Conclusion: Reassessing the Utility of CYP2D6 Testing
The IGNITE trial provides high-quality evidence that routine CYP2D6 genotyping for the selection of postoperative opioids does not improve pain control or reduce opioid use in patients undergoing major surgery within a modern healthcare framework. While pharmacogenomics remains a powerful tool for certain medications (e.g., clopidogrel or antidepressants), its application in acute postoperative pain appears limited when robust multimodal analgesic protocols are already in place.

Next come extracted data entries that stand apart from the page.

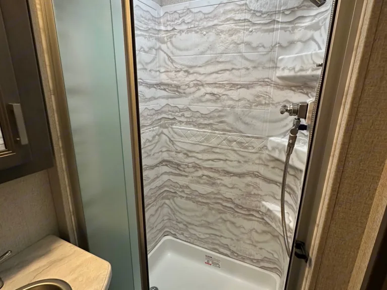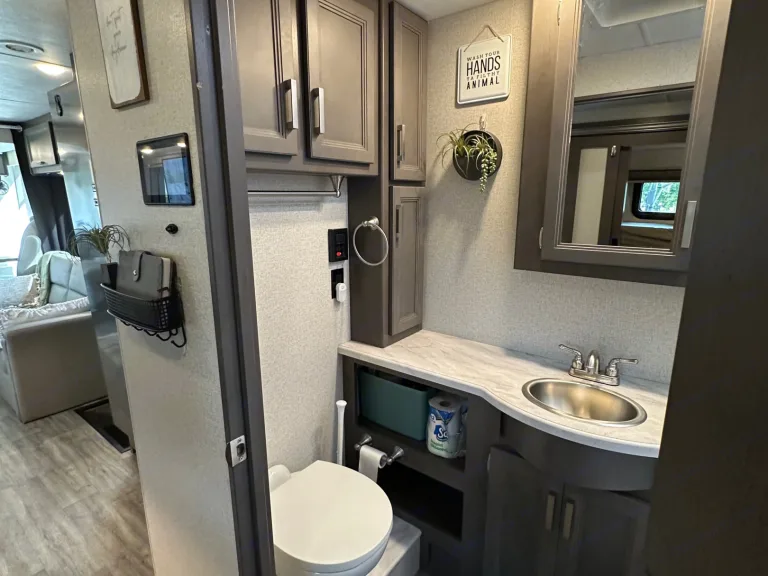The thing to keep in mind is the single bathroom, and the size of the grey tank. If you’re camping at a full hookup site, less of a concern.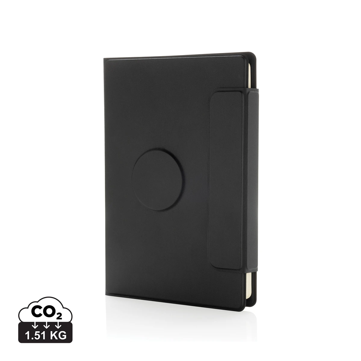 Portafolio A5 de poliéster reciclado PU con cierre magnético y soporte para teléfono compatible con iPhone 12 o superior con Magsafe. Libreta interior A5, páginas interiores con certificación FSC® y 64 hojas/128 páginas; papel color crema con líneas. Gramaje del papel 80 g/m², bolsillo para documentos y 2 ranuras para tarjetas de visita. Libreta recargable.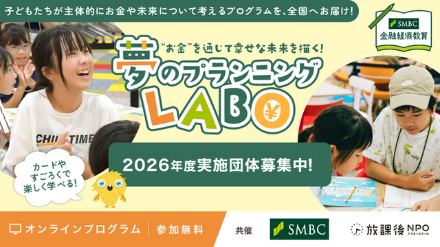 「日本中の放課後を、ゴールデンタイムに。」をミッションに活動する 特定非営利活動法人 放課後NPOアフタースクール(代表理事:平岩 国泰、以下「放課後NPOアフタースクール」)は、株式会社三井住友フィナンシャルグループ(執行役社長グループCEO:中島 達、以下「SMBCグループ」)と協働し、子どもたちが「お金」を通じて未来を考える金融経済教育の体験型プロジェクト「夢のプランニングLABO」を、全国の放課後児童クラブ(学童保育)、放課後子ども教室等の放課後事業団体などで開催します。
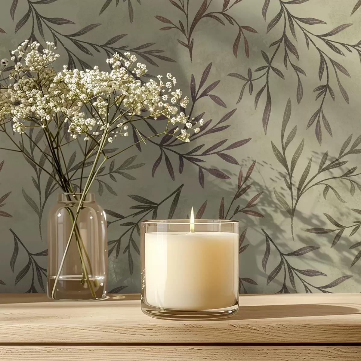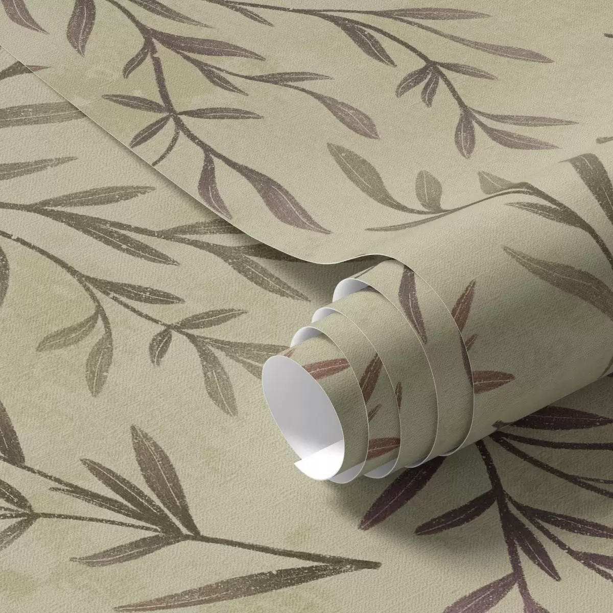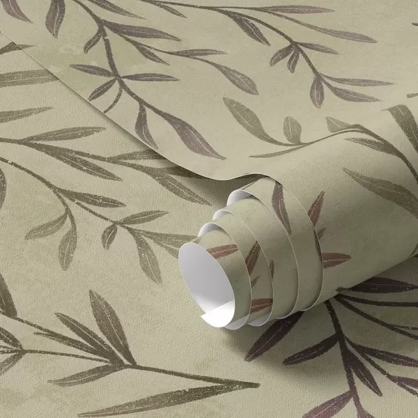 Papel tapiz Ramas de lila y verde con hojas sobre un fondo cálido Nr. a00936v4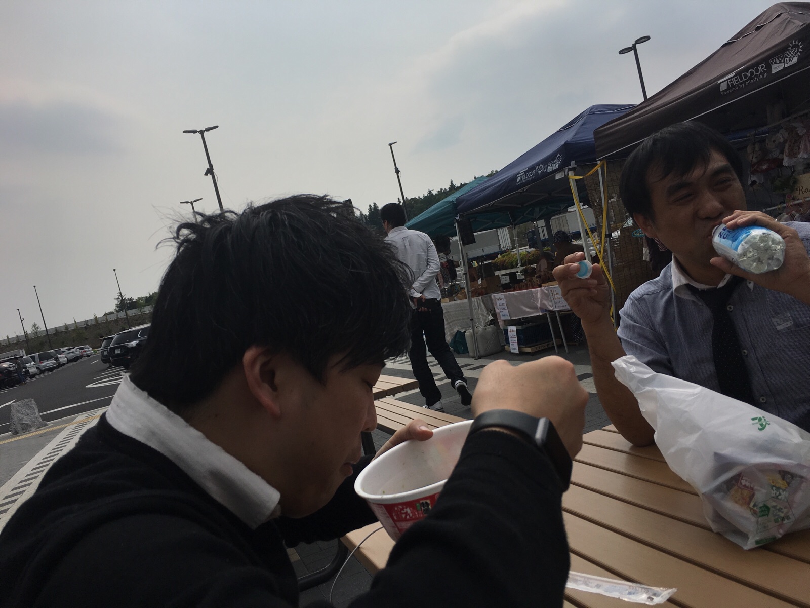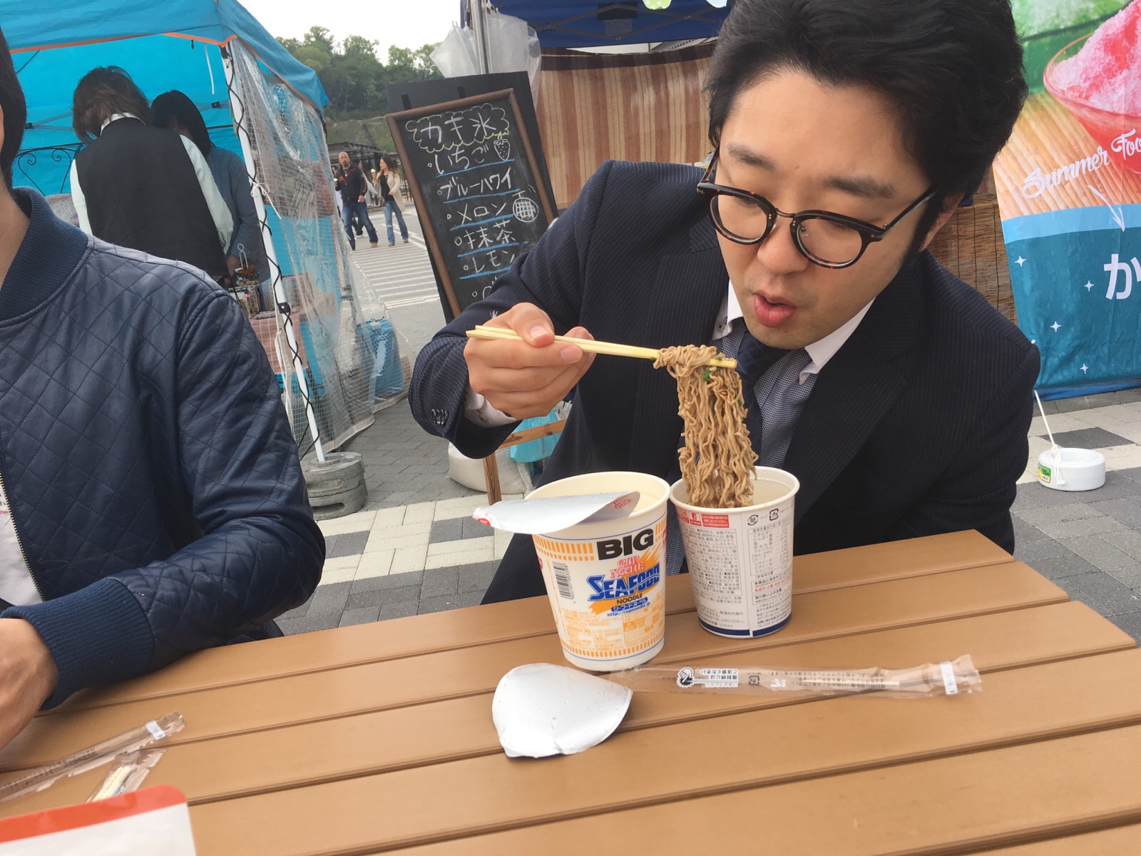 カップ麺を美味しそうに食べるサムエルさん!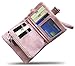 Women's Small Bifold Leather wallet Rfid blocking Ladies Wristlet with Card holder id window Coin Purse (Pink)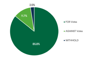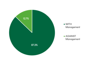 Across Betashares’ range of ethical and impact ETFs[1], in the quarter ending 31 March 2026 we voted at 45 shareholder meetings on 605 individual proposals. We voted FOR 519 times and AGAINST 71 times and WITHHOLD 15 times.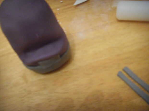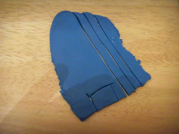 Extienda el glaseado azul más y cortar 2 tiras de largo y estrechas y un pequeño rectángulo.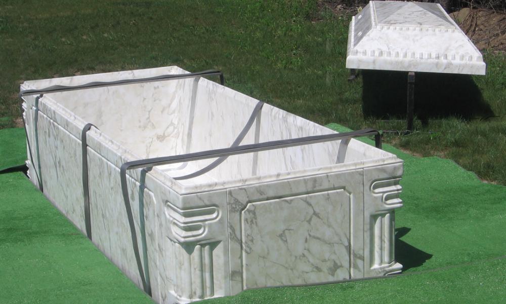 Baker’s reinforced concrete as a core is chemically bonded to the inner and outer layers of Trigard’s white marble polymer liner providing the ultimate protection from all of the grave’s elements.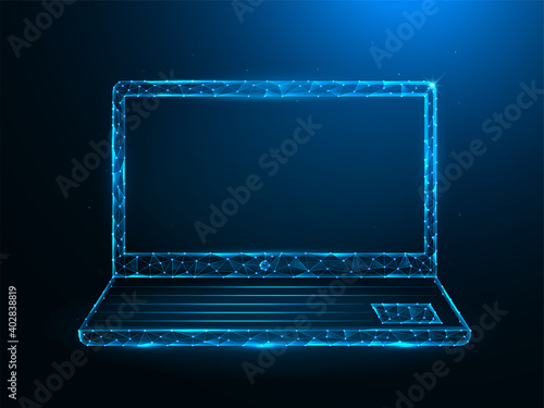 Abstract Digital PC Monitor in Low Poly Wireframe Style. Empty Screen of the Computer in Connected Glowing Dots, Lines, and Geometric Shapes. Polygonal 3D Vector Illustration on Dark Blue Background.

Clinicians should continue to prioritize evidence-based multimodal strategies, reserving pharmacogenomic testing for cases where therapy fails or when specific drug-drug interactions and genetic factors significantly complicate the clinical picture. The data do not support the broad, routine implementation of CYP2D6-guided opioid therapy in the current surgical landscape.
Funding and clinicaltrials.gov
This study was supported by the National Human Genome Research Institute (NHGRI) and the National Center for Advancing Translational Sciences (NCATS) of the National Institutes of Health. Trial registration: ClinicalTrials.gov Identifier: NCT05966129.
References
- Cavallari LH, et al. CYP2D6-Guided Opioid Management and Postoperative Pain Control: A Randomized Clinical Trial. JAMA Netw Open. 2026;9(2):e2558299. doi:10.1001/jamanetworkopen.2025.58299.
- Crews KR, et al. Clinical Pharmacogenetics Implementation Consortium (CPIC) guidelines for cytochrome P450 2D6 genotype and codeine therapy: 2014 update. Clin Pharmacol Ther. 2014;95(4):376-382.
- Chidambaran V, et al. Pharmacogenetics of postoperative opioid management: A review of the current evidence and future directions. J Clin Anesth. 2017;39:46-56.